_TASK MATERIAL_:
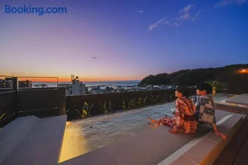 Experience hot springs and a rooftop terrace at this charming ryokan in Izu, surrounded by nature and tranquility.
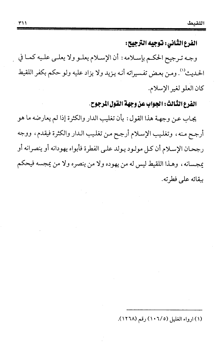 يجاب عن وجهة هذا القول: بأن تغليب الدار والكثرة إذا لم يعارضه ما هو أرجح منه، وتغليب الإسلام أرجح من تغليب الدار والكثرة فيقدم، ووجه رجحان الإسلام أن كل مولود يولد على الفطرة فأبواه يهودانه أو ينصرانه أو يمجسانه، وهذا اللقيط ليمس له من يهوده ولا من ينصره ولا من يمجسه فيحكم ببقائه على فطرته.
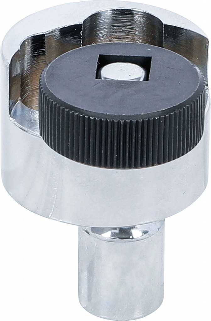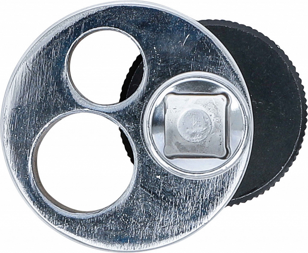 Nastavek za odvijanje zagozdenih čepov, primeren za čepaste vijake premera 6–19 mm, s kaljenim in nazobčanim oprijemnim kolesom.
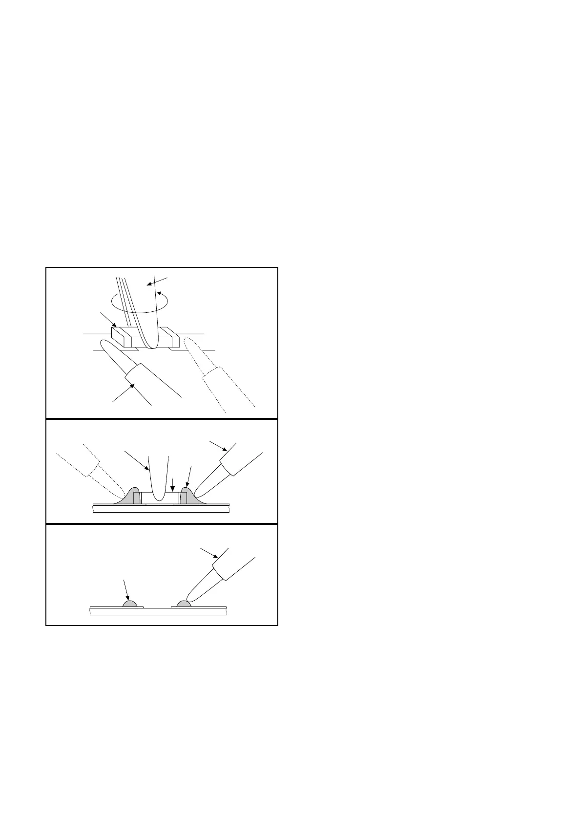b. Press the part downward with tweezers and solder
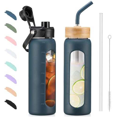 BLUEGO 900 ml glasvattenflaska med sugrör och 2 lock glas kaffekopp med tidsmarkör och silikonskydd glasbehållare för drycker Soda Cola BPA-fri, mörkblå
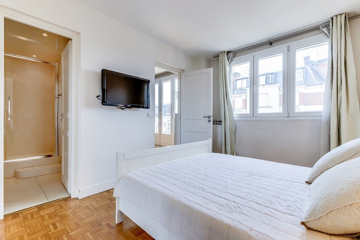 Home truths: *The small double bed only sleeps one guest, ideally a child. The third bathroom only has a shower and a sink – the toilet is separate. *At present, there's nowhere to sit on the balcony. However, it's still a nice spot to watch Paris pass by if you don't mind standing. *The kitchen is compact. We think it's best for rustling up light bites. *Given the home's central spot, expect to hear some street noise throughout your stay. *You won't need a car in Paris. Instead of driving, explore on foot or take advantage of easily accessible public transportation. *If you're travelling for work, you won't find a dedicated desk here. However, the dining table doubles up as a laptop-friendly workspace.
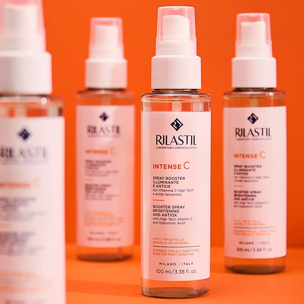 Rilastil Intense C Spray Illuminateur Booster et Antiox à la Vitamine C High Tech et à l’Acide Hyaluronique illumine et lisse la peau du visage, du cou et du décolleté.
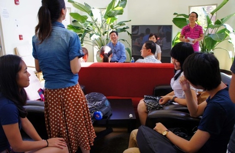 乐勇副院长询问同学们的学习和生活情况 乐勇了解到我校学生由于英语语言能力好,都进入了最高等级的班级学习,很是欣慰。他叮嘱同学们要珍惜留学机会,努力学习,为学校争取更大的荣誉。同学们也纷纷发言,感谢学校为他们提供的国际化学习平台,表示一定珍惜在加州大学学习的机会,争取更加优异的成绩为川外争光。
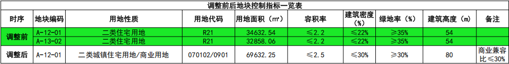 本次論證,將A-12-01與A-13-02地塊之間的規劃支路取消,并以論證范圍為邊線基準整合為一個新地塊A-12-01,用地面積為69632.25㎡。

_DIRECTIONS_: The answer must be an exact copy of the lines above, from the start of the records through the line with "يجاب عن وجهة", and of nothing else; no pictures belong in it.

_RESULT_:
 Experience hot springs and a rooftop terrace at this charming ryokan in Izu, surrounded by nature and tranquility.
 يجاب عن وجهة هذا القول: بأن تغليب الدار والكثرة إذا لم يعارضه ما هو أرجح منه، وتغليب الإسلام أرجح من تغليب الدار والكثرة فيقدم، ووجه رجحان الإسلام أن كل مولود يولد على الفطرة فأبواه يهودانه أو ينصرانه أو يمجسانه، وهذا اللقيط ليمس له من يهوده ولا من ينصره ولا من يمجسه فيحكم ببقائه على فطرته.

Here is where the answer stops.